→ **Extracted material**:
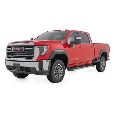Style and Protection: Give your fifth-generation GMC Sierra 2500 HD/3500 HD a bold, aggressive look while keeping it protected with Rough Country's Sport Style Fender Flares! With 6.5 inches of flare height and 1 inch of extra coverage, these flares provide superior defense against road debris, mud, and grime. The sleek flat black finish delivers a rugged off-road aesthetic, but if you want a custom touch, they're easily paintable to match your truck's color and style. Whether you're hitting the trails or cruising the streets, these fender flares will make sure your Sierra stands out from the crowd.Durable and Built to Last: Designed for maximum strength and longevity, these fender flares are constructed from Tri-Blend ABS material, making them tough enough to withstand the harshest conditions. Each flare is UV-protected to prevent fading, ensuring they maintain their fresh, aggressive look over time. Plus, their precision-engineered fitment means they hug your truck's body perfectly, giving you the protection and style you need without compromise.Easy Installation and Warranty: Get the upgraded look you want without the hassle! These flares offer a quick and easy bolt-on installation with no drilling required, making the process smooth and stress-free. Want to return your truck to stock? The flares can be removed just as easily! Plus, every set is backed by Rough Country's 3-year limited warranty, so you can drive with confidence knowing your investment is protected. Stop waiting-upgrade your Sierra today with Rough Country's Sport Style Fender Flares!
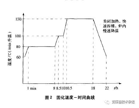 澆注好的模具必需在固化爐內依照固化溫度一時候曲線停止加熱固化。進程中,需包管固化爐內溫度平均。固化溫度~時候曲線如圖2所示。
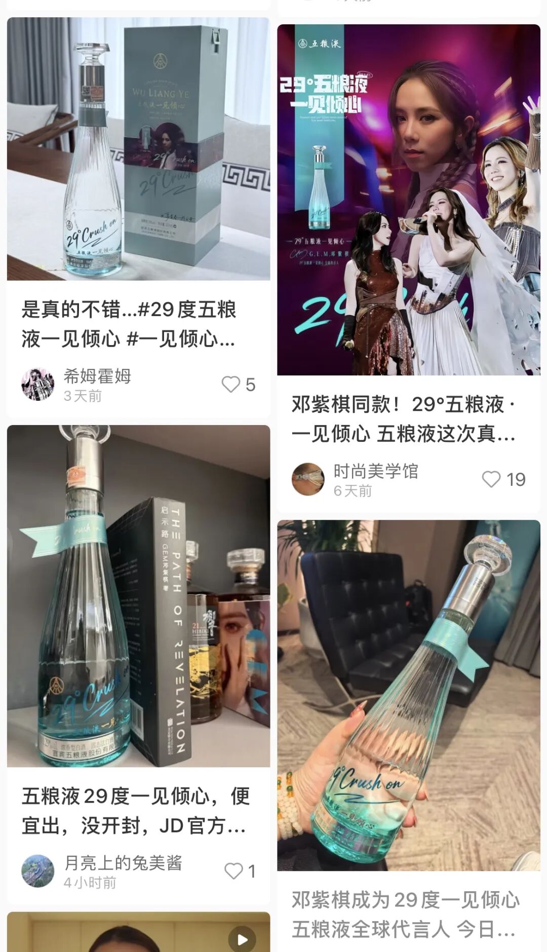 這也就造成了五糧液新品定位與目標(biāo)人群的錯(cuò)位。29度的白酒還是白酒,遠(yuǎn)超人們對(duì) “微醺” 的普遍認(rèn)知。小紅書上有鄧紫棋粉絲發(fā)帖稱,“自己不喝酒,買來(lái)送給爸爸”。此外,也有消費(fèi)者反饋,“29°五糧液一見傾心” 的口感與傳統(tǒng)高度白酒差異不大。
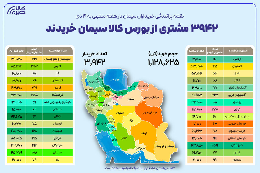 طبق آمار، به ترتیب استانهای تهران با ۱۱۷ هزار و ۴۰۰ تن، استان فارس با ۸۵ هزار و ۴۹۲ تن، استان مرکزی با ۸۵ هزار و ۹۵ تن و استان اصفهان با ۶۳ هزار و ۷۵تن در صدر جدول حجم خرید سیمان از بورس کالا قرار داشتهاند.
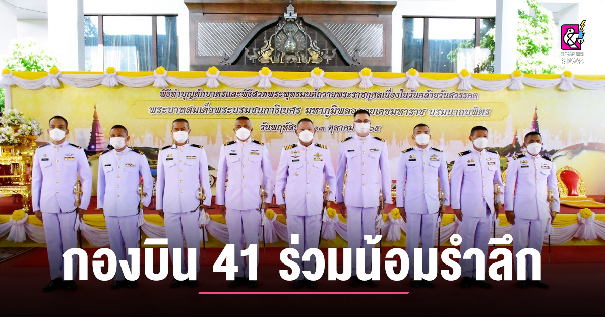 พิธีน้อมรำลึกเนื่องในวันคล้ายวันสวรรคต พระบาทสมเด็จพระบรมชนกาธิเบศร มหาภูมิพลอดุลยเดชมหาราช บรมนาถบพิตร 13 ตุลาคม 2565 เมื่อวันพฤหัสบดีที่ 13 ตุลาคม 2565 นาวาอากาศเอก วงศ์วิวัติ วัฒนวรางกูร ผู้บังคับการกองบิน 41 พร้อมด้วย ข้าราชการกองบิน 41 ร่วมพิธีทำบุญตักบาตรและพิธีสวดพระพุทธมนต์ถวายพระราชกุศลเนื่องในวันคล้ายวันสวรรคต พระบาทสมเด็จพระบรมชนกาธิเบศร มหาภูมิพลอดุลยเดชมหาราช บรมนาถบพิตร 13 ตุลาคม 2565โดยมี นายนิรัตน์ พงษ์สิทธิถาวร ผู้ว่าราชการจังหวัดเชียงใหม่ เป็นประธานในพิธี ณ ศูนย์ประชุมและแสดงสินค้านานาชาติเฉลิมพระเกียรติ 7 รอบ พระชนมพรรษา อำเภอเมือง จังหวัดเชียงใหม่ โดยภายในพิธีได้นิมนต์พระสงฆ์ทรงสมณศักดิ์ จำนวน 10 รูป ประกอบพิธีเจริญพระพุทธมนต์ พร้อมทั้งร่วมทำบุญตักบาตรพระสงฆ์ จำนวน 89 รูป เพื่อถวายเป็นพระราชกุศล และน้อมสำนึกในพระมหากรุณาธิคุณของ พระบาทสมเด็จพระบรมชนกาธิเบศร มหาภูมิพลอดุลยเดชมหาราช บรมนาถบพิตร ที่ทรงมีต่อพสกนิกรชาวไทยอันหาที่สุดมิได้

→ **Your assignment**:
Pictures stay out. Print the data exactly, from its first line through the line containing "澆注好的模具必需在固化爐內依".

→ **Written solution**:
Style and Protection: Give your fifth-generation GMC Sierra 2500 HD/3500 HD a bold, aggressive look while keeping it protected with Rough Country's Sport Style Fender Flares! With 6.5 inches of flare height and 1 inch of extra coverage, these flares provide superior defense against road debris, mud, and grime. The sleek flat black finish delivers a rugged off-road aesthetic, but if you want a custom touch, they're easily paintable to match your truck's color and style. Whether you're hitting the trails or cruising the streets, these fender flares will make sure your Sierra stands out from the crowd.Durable and Built to Last: Designed for maximum strength and longevity, these fender flares are constructed from Tri-Blend ABS material, making them tough enough to withstand the harshest conditions. Each flare is UV-protected to prevent fading, ensuring they maintain their fresh, aggressive look over time. Plus, their precision-engineered fitment means they hug your truck's body perfectly, giving you the protection and style you need without compromise.Easy Installation and Warranty: Get the upgraded look you want without the hassle! These flares offer a quick and easy bolt-on installation with no drilling required, making the process smooth and stress-free. Want to return your truck to stock? The flares can be removed just as easily! Plus, every set is backed by Rough Country's 3-year limited warranty, so you can drive with confidence knowing your investment is protected. Stop waiting-upgrade your Sierra today with Rough Country's Sport Style Fender Flares!
 澆注好的模具必需在固化爐內依照固化溫度一時候曲線停止加熱固化。進程中,需包管固化爐內溫度平均。固化溫度~時候曲線如圖2所示。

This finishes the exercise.